John Spiegel Michels (born March 19, 1973 in La Jolla, California) is a former American football offensive tackle in the National Football League.

High school career
Michels attended La Jolla High School, where he was a three time letterman in football, basketball, and track. In football, he was a two-way starter and was named First-team All-American and Western League Defensive MVP as a defensive tackle, and First-team All-San Diego County as an offensive tackle. In track and field, he was the 1991 Western League Champion in the discus.
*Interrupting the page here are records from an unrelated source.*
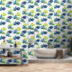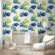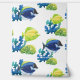 水彩海海底魚とサンゴ礁の壁紙を青、黄、緑で彩る。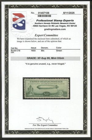 Scott #C18: 1933 50c Graf Zeppelin Centering & Condition: Mint. Fresh. XF/SUP and CHOICE. A Graded PSE Certificate accompanies. Reverse (Gum Side): Original gum. Never Hinged. Faults / Imperfections: None The item pictured is the actual item you are purchasing, unless otherwise noted. I also offer an interest-free layaway plan. Ask me about it!" All items will be mailed a day or two after payment is received. --------------------------------------------------------------------------------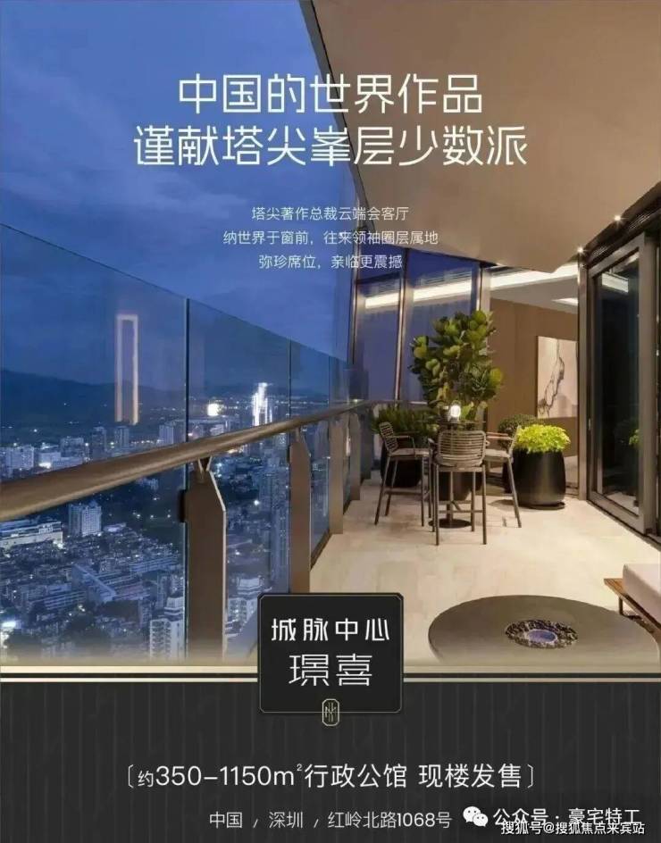 当摩天资产成为国际流通的“价值护照" 世界塔尖的目光,正聚焦中国。 ◆ 全球地标 天际资产◆ 388米深圳天际线地标 城脉中心·璟喜 正以中国资产的世界叙事 重构全球财富坐标 ◆ 超级区位底盘◆ 深圳黄金中轴、世界级金融街之上 福田、罗湖、香港三区资源中心 立足百万方城脉汇的高端商圈配套 铸就璟喜不可复制的资源王座 ◆总裁级行政公馆 ◆ SCDA&CCD双大师设计大平层 户户自带40㎡私人观景台 不仅是纯粹的空间占有 更总裁是对话世界的云端会客厅 匹配全球资产买家眼界与品味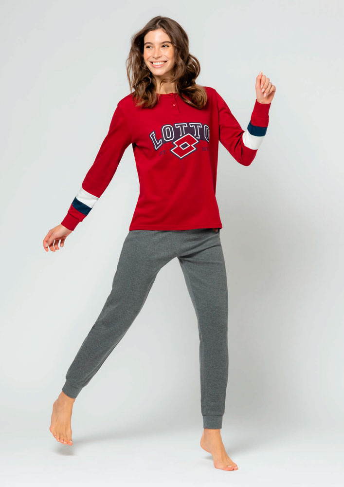 Il pigiama della linea Lotto è un capo di abbigliamento perfetto per le ore di riposo. Realizzato in caldo cotone, offre una sensazione di morbidezza e comfort sulla pelle. La lunga manica garantisce copertura completa delle braccia, mentre la vestibilità aderente e confortevole assicura un’ottima tenuta durante il sonno.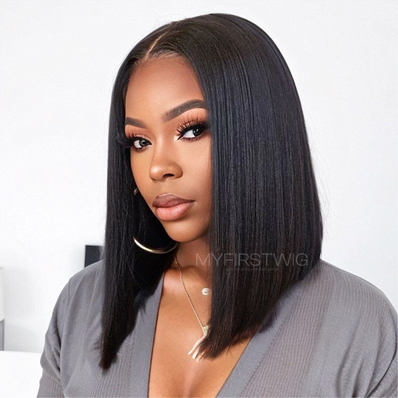 13x6 Glatter, langer Bob, unsichtbare, kleberlose Lace-Front-Perücke – ANI8004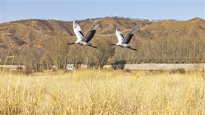 一对丹顶鹤在呼和浩特市石人湾自然保护区翱翔。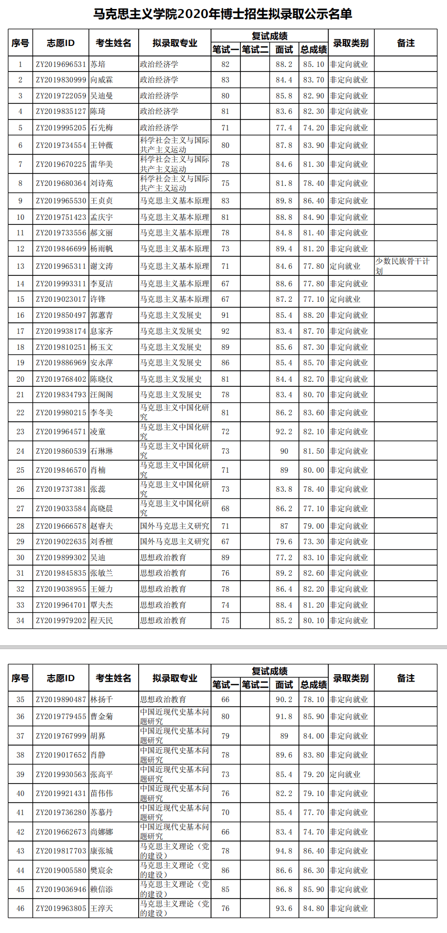 北京大学考博辅导班:北京大学马克思主义学院2020年博士招生拟录取公示名单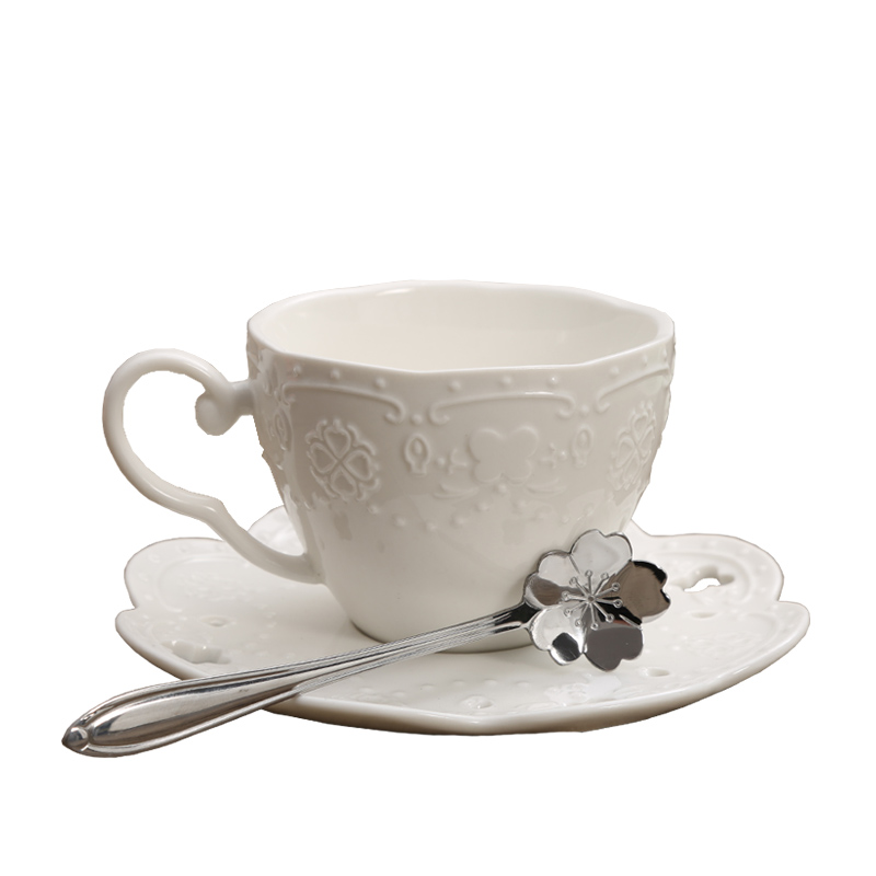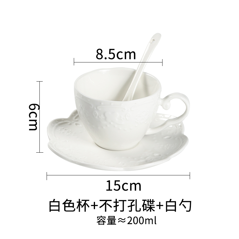 • 흰색 컵 + 구멍 없는 접시 + 흰색 스푼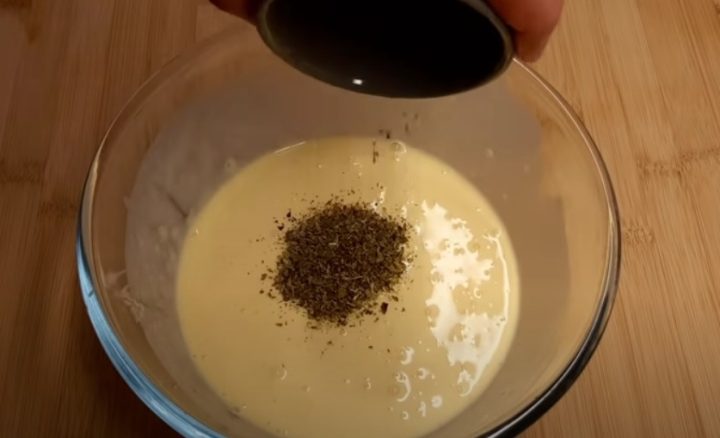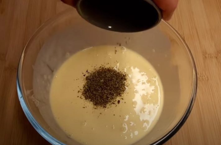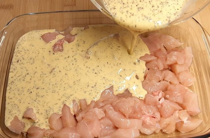 Kuřecí prsa rozkrájejte, osolte a dejte do zapékací mísy. V misce rozšlehejte vejce, přidejte smetanu, provensálské bylinky, oregano, kari a pepř. Zamíchejte, nalijte k masu, promíchejte a vše zakápněte trochou olivového oleje.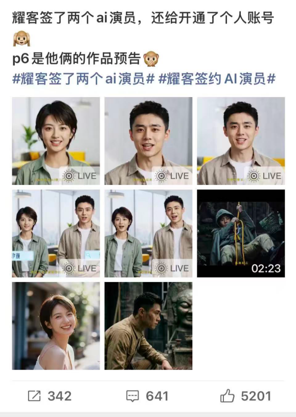 尽管事后多家短剧制作公司回应称“目前还做不到,AI 演员和真人演员没法在同一图层”,耀客传媒却在高调官宣签约两位AI数字艺人。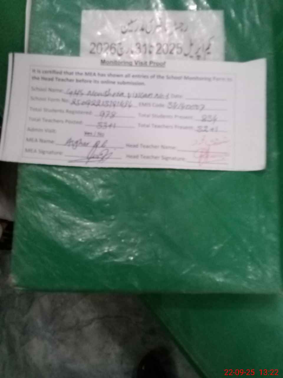 | Attendance Register | Head Teacher | MEA with School | Visit Proof |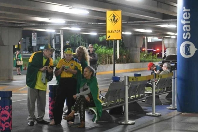 O avião pousou por volta das 6h40. No saguão, os bolsonaristas cantavam o Hino Nacional e entoavam o coro de “Deus, pátria, família e liberdade” — bandeiras defendidas durante a campanha. Eles chamaram pelo “mito” e também xingaram o presidente Luiz Inácio Lula da Silva (PT) de “ladrão” enquanto esperavam algum sinal de Bolsonaro.

Michels was named as one of San Diego's 100 all-time greatest prep football players by the San Diego Union-Tribune.

College career
Michels played college football at the University of Southern California and was a First-team All-Pac-10 and a Second-team All-American offensive tackle, after being converted from a defensive end. He helped to lead the Trojans to a victory over Northwestern University in the 1996 Rose Bowl. After his senior year at USC, Michels was selected as a starter in the 1996 Senior Bowl All-Star game.

Professional career
Michels was drafted in the first round, 27th pick overall, of the 1996 NFL Draft by the Green Bay Packers. When then-starter and fellow Trojan Ken Ruettgers went down with a knee injury, Michels took over the left tackle duties. He started 9 games in his rookie season, helping the Packers win Super Bowl XXXI. He was named the Green Bay Packers 1996 Co-Rookie of the Year (along with Tyrone Williams) and earned NFL All-Rookie honors.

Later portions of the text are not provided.